Terraform DSC does not produce Idempotent results - errors on re-run #682

Closed hashibot closed 4 years ago

hashibot commented 6 years ago

This issue was originally opened by @sada-kubsad as hashicorp/terraform#17080. It was migrated here as a result of the provider split. The original body of the issue is below.

Re-running a Terraform script with Azure DSC fails regardless of the DSC changes.

From looking at the DSC log files on the Azure VM, it seems that DSC is not picking up the new config changes.

It works when we deploy everything from scratch but fails when making incremental changes to DSC configs and relaunching from Terraform.

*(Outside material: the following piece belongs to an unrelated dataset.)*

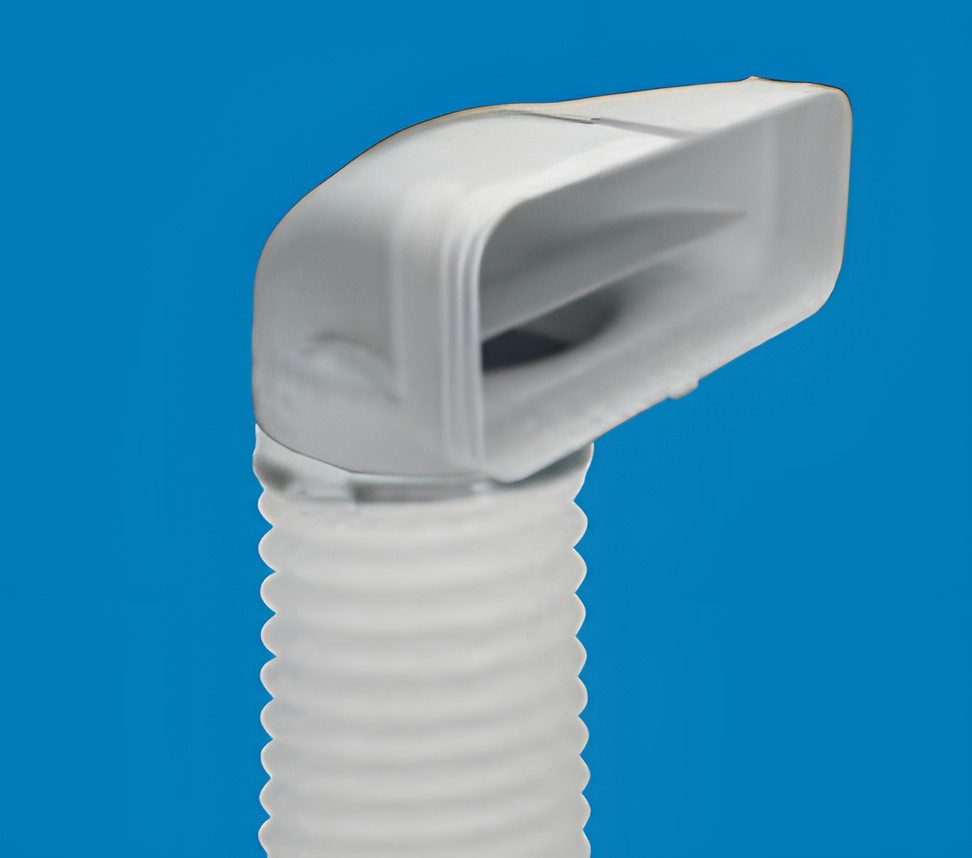 - Umlenkstück mit Flexschlauch, 222 x 89 mm auf Ø 150 mm inkl. 2 Schellen
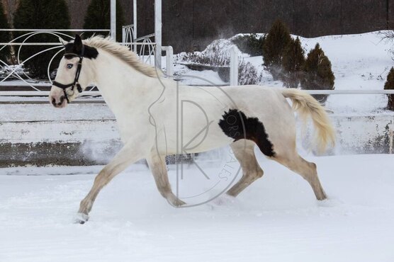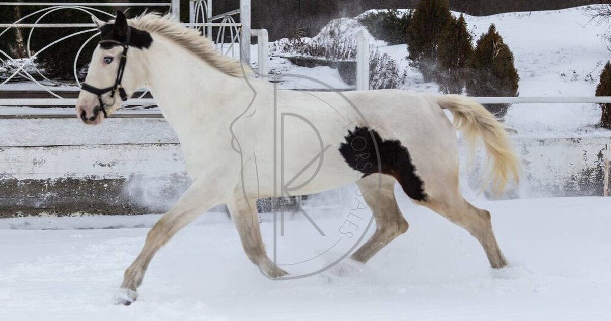 • Полукровная кобыла, нарядной пегой масти с нереальными голубыми глазами.

Please see below for details:

Terraform Version


Terraform Configuration Files

resource "azurerm_virtual_machine_extension"  "example_DSC" {
    name = "${var.customerAcronym}-${var.environment}-${var.machineAcronyms["example"]}-dsc"
    location = "${var.location}"
    resource_group_name = "${azurerm_resource_group.rg.name}"
    publisher ="Microsoft.Powershell"
    type ="DSC"
    type_handler_version = "${var.dsc_extension}"
    auto_upgrade_minor_version = true
    depends_on = ["azurerm_virtual_machine.example"]
    settings = <<SETTINGS
        "configuration": {
            "url": "${var.resourceStore["fileShareUrl"]}${var.resourceStore["dscArchiveName"]}${var.azureCredentials["storageKey"]}",
            "function": "example",
            "script": "example.ps1"
        "configurationArguments": {

    protected_settings = <<PROTECTED_SETTINGS
        "configurationArguments": {

Debug Output

azurerm_virtual_machine_extension.ArcGIS_Server_DSC: Still creating... (1m0s elapsed)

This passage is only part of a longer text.